Writing modular ES6 TypeScript which is fully transpiled to old-school JS is not possible using the Visual Studio tooling at present. For what it's worth I think that SystemJS compilation may make this more possible in the future but I don't really know enough about it to be sure. That's why I'm bringing webpack / Babel into the mix right now. I don't want Visual Studio to do anything for the ES6 code; I don't want it to compile. I want to deactivate my TypeScript compilation for the ES6 code. I can't do this from the tsconfig.json so I'm in a bit of a hole. What to do?

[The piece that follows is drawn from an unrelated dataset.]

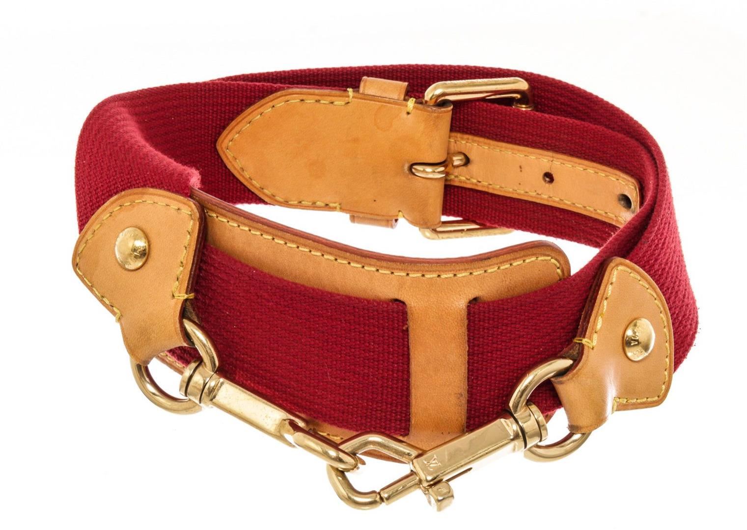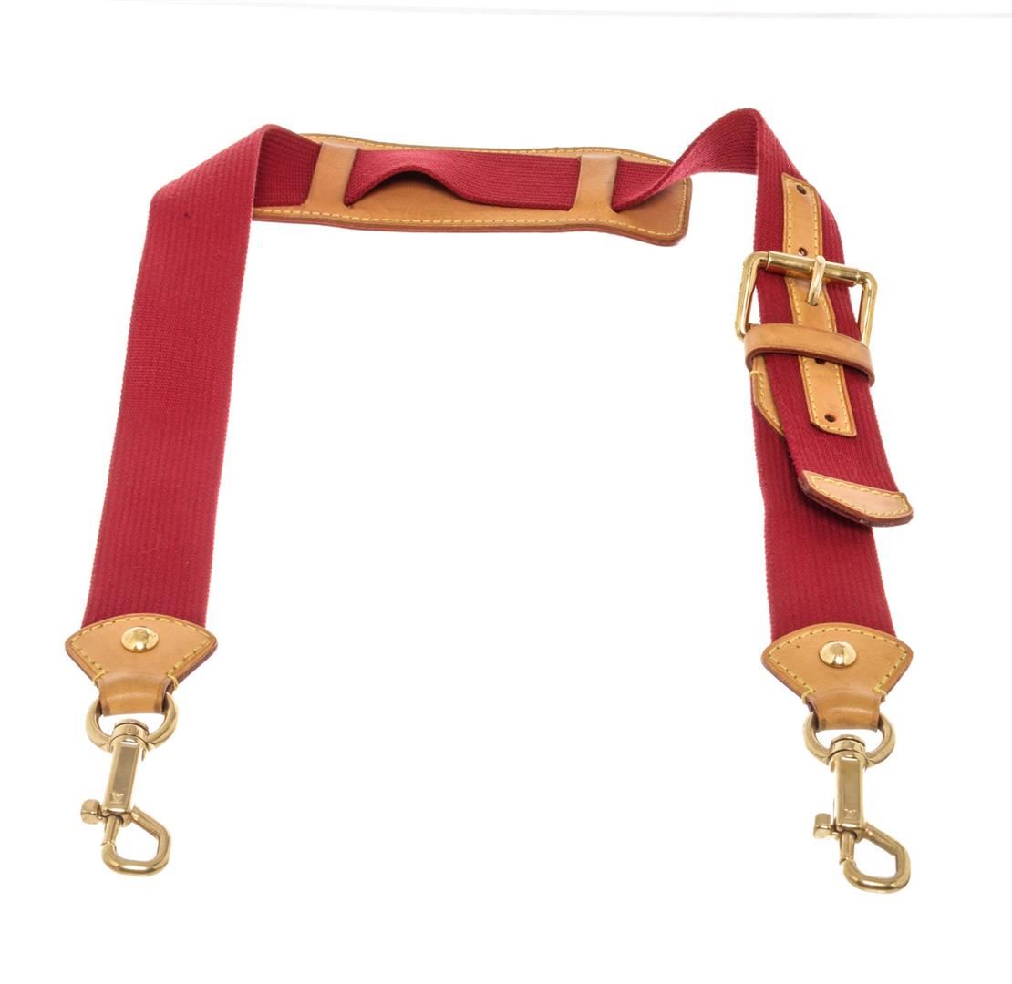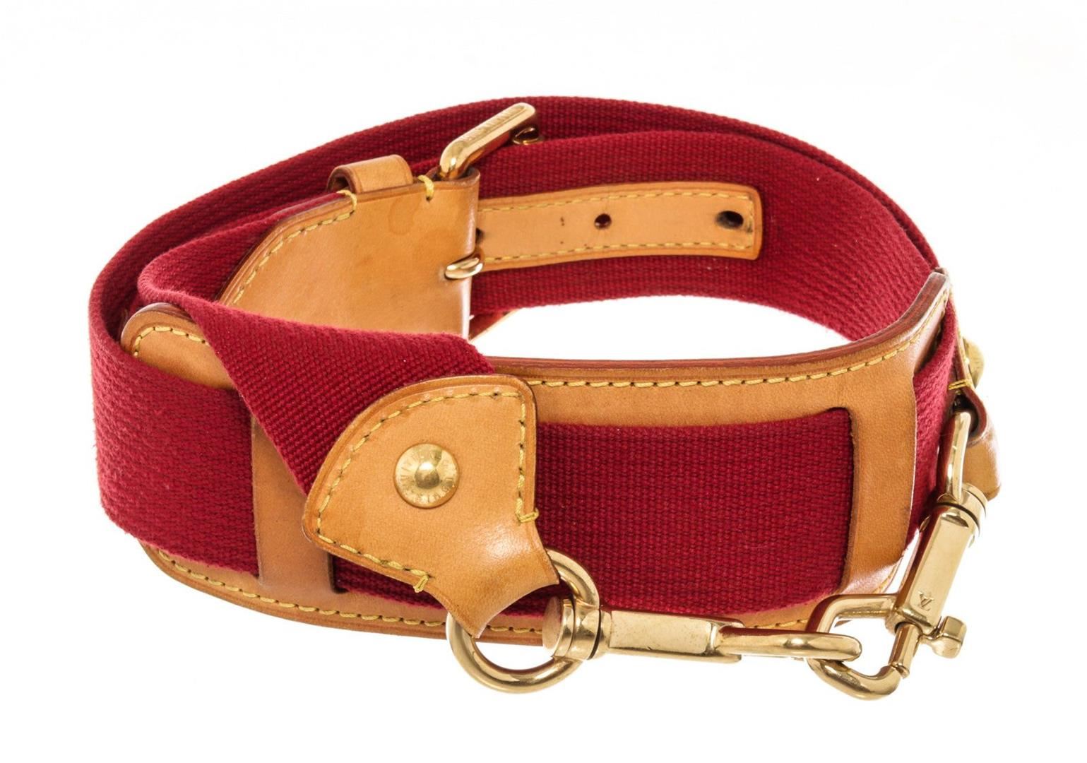 Louis Vuitton Red Leather Adjustable Strap with leather, tan vachetta leather, turn lock closure.

Well, as of (I think) TypeScript 1.7 it's possible to deactivate TypeScript compilation in Visual Studio. To quote:

there is an easier way to disable TypeScriptCompile:

Just add &lt;TypeScriptCompileBlocked&gt;true&lt;/TypeScriptCompileBlocked&gt; to the .csproj, e.g. in the first &lt;PropertyGroup&gt;.

Awesomeness!

But wait, this means that the legacy TypeScript isn't being compiled any longer. Bear in mind, I'm totally happy with the existing / legacy TypeScript compilation. Nooooooooooooooo!!!!!!!!!!!!!!!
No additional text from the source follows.